[DATASET RECORDS Boundary: Start]
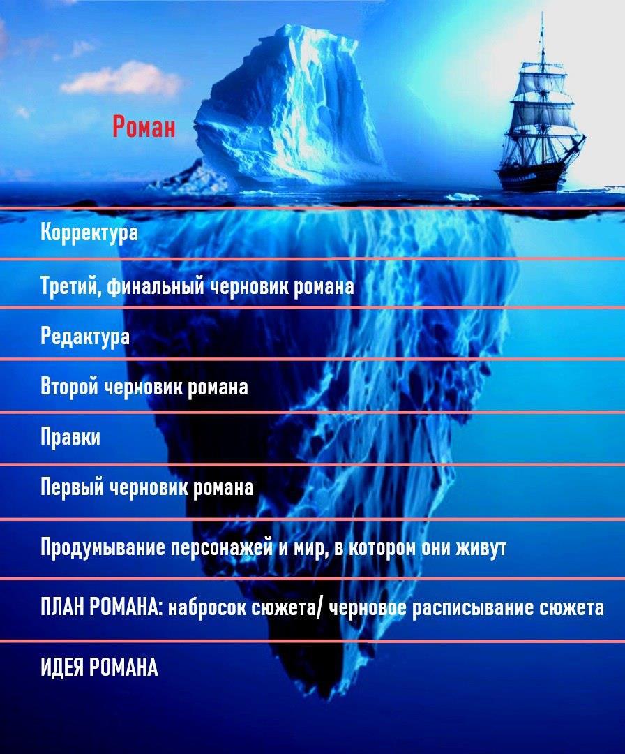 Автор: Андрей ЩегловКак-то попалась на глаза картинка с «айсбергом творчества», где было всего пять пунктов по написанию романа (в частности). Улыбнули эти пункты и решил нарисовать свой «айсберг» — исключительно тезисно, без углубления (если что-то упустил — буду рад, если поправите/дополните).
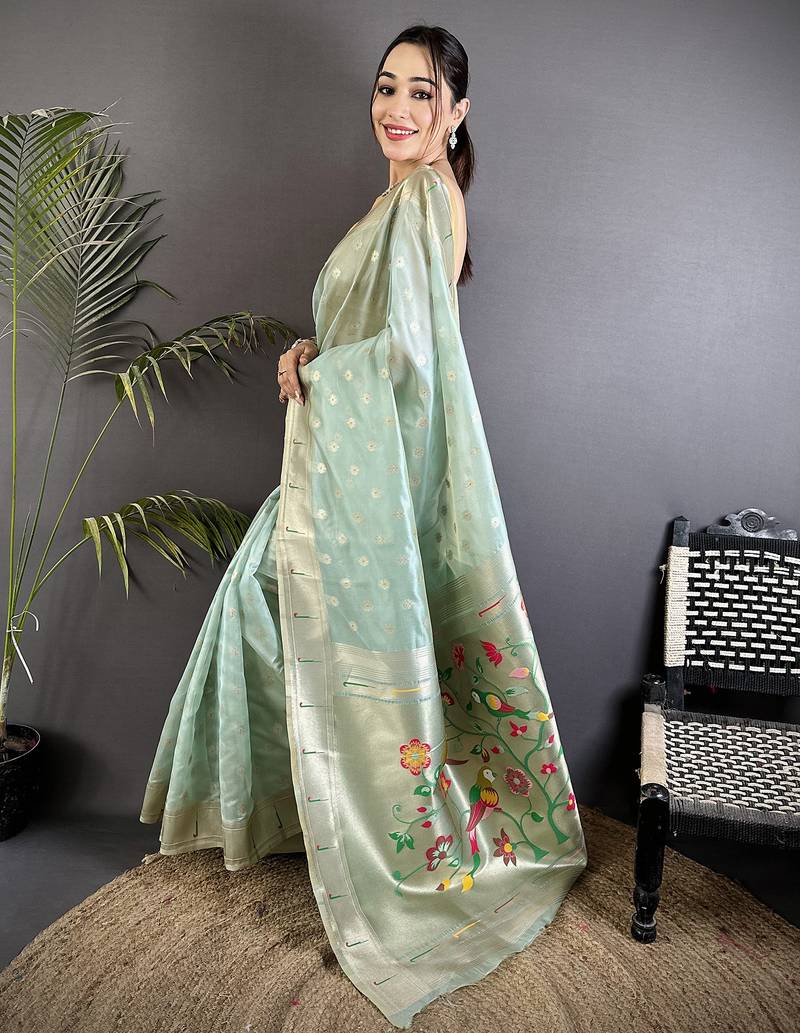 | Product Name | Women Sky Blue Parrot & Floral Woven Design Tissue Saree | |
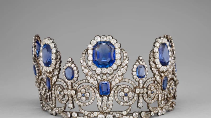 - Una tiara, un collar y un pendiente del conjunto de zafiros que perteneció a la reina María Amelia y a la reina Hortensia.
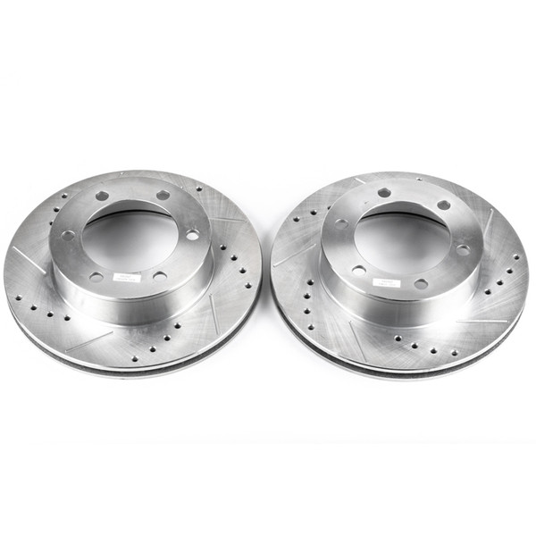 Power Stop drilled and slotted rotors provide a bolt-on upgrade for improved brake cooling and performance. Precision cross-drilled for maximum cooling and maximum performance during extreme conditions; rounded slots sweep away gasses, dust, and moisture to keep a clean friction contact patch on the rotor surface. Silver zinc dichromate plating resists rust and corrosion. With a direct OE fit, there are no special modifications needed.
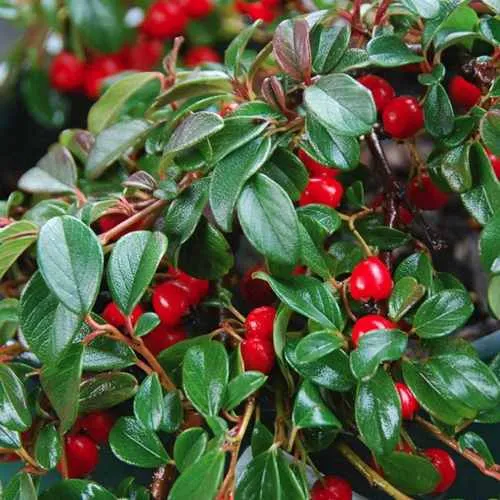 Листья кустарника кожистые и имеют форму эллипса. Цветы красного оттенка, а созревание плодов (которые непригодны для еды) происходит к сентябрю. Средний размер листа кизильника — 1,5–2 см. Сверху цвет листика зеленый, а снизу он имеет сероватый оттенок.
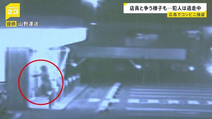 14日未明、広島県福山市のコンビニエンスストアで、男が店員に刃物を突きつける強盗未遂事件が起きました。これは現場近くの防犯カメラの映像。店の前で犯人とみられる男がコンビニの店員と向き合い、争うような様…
[DATASET RECORDS Boundary: End]
== WHAT YOU NEED TO DO ==
Can you quote exactly, and only, the lines from the one containing "Листья кустарника кожистые" through the last line of the records above, keeping both ends and leaving out any pictures?

== ANSWER AREA ==
 Листья кустарника кожистые и имеют форму эллипса. Цветы красного оттенка, а созревание плодов (которые непригодны для еды) происходит к сентябрю. Средний размер листа кизильника — 1,5–2 см. Сверху цвет листика зеленый, а снизу он имеет сероватый оттенок.
 14日未明、広島県福山市のコンビニエンスストアで、男が店員に刃物を突きつける強盗未遂事件が起きました。これは現場近くの防犯カメラの映像。店の前で犯人とみられる男がコンビニの店員と向き合い、争うような様…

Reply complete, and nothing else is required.